La herencia de sangre charrúa-minuán, que sin duda existe en nuestra sociedad, proviene, sobre todo, de los individuos de esas etnias que pasaron a vivir, de forma forzada o voluntaria, en las Misiones Jesuíticas, donde en gran medida fueron guaranizados en su forma de vida.

4) Salsipuedes fue el desenlace fatal de un proceso de reducción forzosa de las tolderías -en las cuales vivían también muchísimos elementos no charrúas perseguidos por la justicia que de no haber estallado la Revolución habría finalizado alrededor del año 1809, 1810. Los líderes de las pocas tolderías que quedaban por entonces no supieron ver que un tiempo se había terminado, rechazando, incluso, los últimos ofrecimientos de tierras que recibieron.
La decisión que llevó a Salsipuedes fue tomada por el Poder Ejecutivo y la Asamblea General de la época. Tal era el consenso que existía sobre la necesidad de la empresa por fuertes razones de carácter interno y externo.
Pero al contrario de lo que se nos dijo siempre, con Salsipuedes no desaparecieron los indígenas. Podemos estimar que cuando nació el Estado Oriental vivían por lo menos alrededor de 15.000 indígenas o descendientes directos, en su mayoría como vecinos del medio rural. De esos, de los que realmente jugaron un papel decisivo y progresista en nuestra historia y cultura, poblando los pagos, trabajando la tierra y formando familias, nunca se habló o se les levantó monumentos.

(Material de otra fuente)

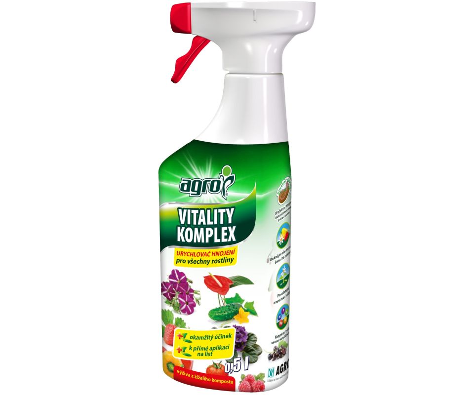 Rostlinám pomůže i Vitality Komplex, přírodní produkt z vermikompostu, který podporuje růst, kořeny i odolnost vůči stresu. Ve spreji funguje jako rychlá pomoc pro oslabené rostliny. Vitality Komplex ve spreji 0,5 l, cena 135 Kč, www.vitalitykomplex.cz

La extensión de las respuestas
El presente cuestionario fue enviado a Daniel Vidart y Oscar Padrón Favre vía correo electrónico. Al hacerlo, se les solicitó que la extensión de las respuestas no sobrepasara, en conjunto, las 1.200 palabras. Padrón se ciñó estrictamente a este límite, pero Vidart se dejó llevar por la pasión que es sabido- le imprime a estas cuestiones, y se pasó por lejos. Apelar a las viejas tijeras de la redacción hubiera sido en este caso, mutilar el trabajo de Vidart y decidimos no hacerlo como no se hace con los aportes de los columnistas. Pusimos, como es debido, lo sustancial por sobre lo formal. Es así que, como ha sucedido en otros Cara a Cara, el resultado es una entrega desbalanceada en la extensión. Como en este caso la responsabilidad es nuestra, porque optamos por no recortar la exposición de Vidart (situación comprendida y aceptada por Padrón, naturalmente) es que hacemos esta aclaración. G.T.